Accueil SE SOIGNER Prévention Protoxyde d’azote ou « gaz hilarant » : attention danger !

Protoxyde d’azote ou « gaz hilarant » : attention danger !

La multiplication des cas de complications graves consécutives à la consommation détournée de protoxyde d’azote (gaz hilarant) constitue une problématique majeure de santé publique dans la région, en particulier pour les jeunes adultes.  Au total, 11 cas ont été déclarés dans la région Hauts-de-France pour lesquels la consommation de protoxyde d’azote a engendré des atteintes neurologiques graves pouvant entraîner des paralysies.

Cartouches de protoxyde d’azote : un usage détourné aux conséquences graves pour la santé

Le protoxyde d’azote N²O, communément appelé « gaz hilarant » ou « proto », est un gaz comburant (se combinant avec un combustible), incolore, d’odeur et de saveur légèrement sucrées. Il est utilisé dans le champ médical, mélangé à de l’oxygène pour son action anesthésiante/analgésiante, ou dans le domaine culinaire, pour les siphons à chantilly.

Une augmentation significative de l’usage détourné de ce gaz est constatée en France, comme dans la région, en particulier par les jeunes en milieu urbain, en raison de son effet euphorisant. Les signes de son utilisation sont parfois visibles dans l’espace public avec la présence de cartouches métalliques dans lesquels ce gaz est contenu.

Le protoxyde d’azote est une substance en vente libre bénéficiant d’une bonne image parmi les jeunes. Son usage récréatif est une pratique connue de longue date et réputée sans danger.

Cette image est trompeuse et a pu conduire certains jeunes à adopter des consommations intensives de ce gaz. C’est cette utilisation qui provoque les atteintes neurologiques actuellement observées.

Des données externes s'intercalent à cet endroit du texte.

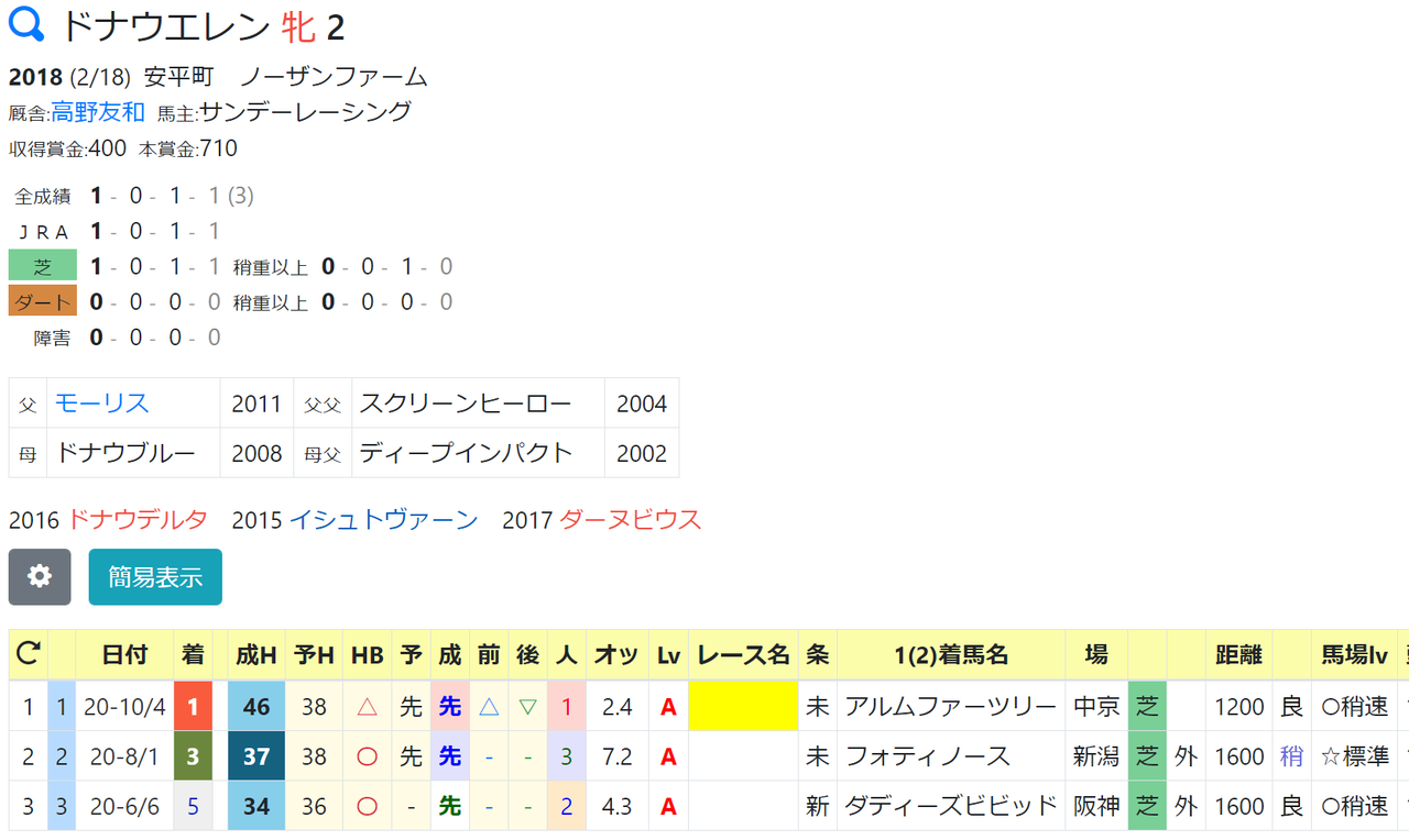 42:ダノンドリーマー(10/10未勝利戦1着)

La consommation du protoxyde d’azote peut entraîner des conséquences sévères sur la santé, à la fois immédiates et en cas d’utilisation régulière ou à forte dose, notamment parce qu’il engendre un déficit en vitamine B12 :

  • Risques immédiats : asphyxie par manque d’oxygène, perte de connaissance, brûlure par le froid du gaz expulsé de la cartouche, perte du réflexe de toux (risque de fausse route), désorientation, vertiges, risque de chute ;
  • Risques en cas d’utilisation régulière et/ou à forte dose : carence et/ou inactivation en vitamine B12 qui peut entraîner des atteintes de la moelle épinière et une anémie, des troubles psychiques.

Des dispositifs anonymes pour accompagner les consommateurs

Des dispositifs d’aide anonymes et gratuits sont à disposition des usagers, de leur entourage et du public en général.

  • Les Consultations jeunes consommateurs (CJC) proposent un service d’accueil, d’écoute, de conseil et d’orientation assuré par des professionnels des addictions, totalement gratuit et confidentiel. L’annuaire des CJC est disponible sur le site Drogues info service
  • Drogues info service propose par ailleurs une aide à distance.

Drogues info service invite également les utilisateurs de protoxyde d’azote à respecter les précautions d’usage suivantes :

  • Ne pas inhaler le gaz directement en sortie de cartouche : utiliser un ballon de baudruche pour inhaler et ainsi ne pas être brûlé par le froid
  • Éviter les prises trop rapprochées et penser à respirer de l’air pour éviter l’asphyxie
  • Ne pas répéter trop souvent les sessions de consommation et limiter les quantités consommées pour limiter les risques pour la santé et éviter de tomber dans un usage compulsif
  • Éviter d’être debout et ne pas conduire un véhicule lorsqu’on consomme cette substance.

Les professionnels de santé et collectivités territoriales confrontés à la problématique du protoxyde d’azote peuvent également contacter l’ARS à l’adresse suivante : ARS-HDF-PPS@ars.sante.fr.

L’ARS a par ailleurs débloqué fin novembre une enveloppe d’urgence de 200 000 euros afin d’appuyer les plans d’action portés par les collectivités.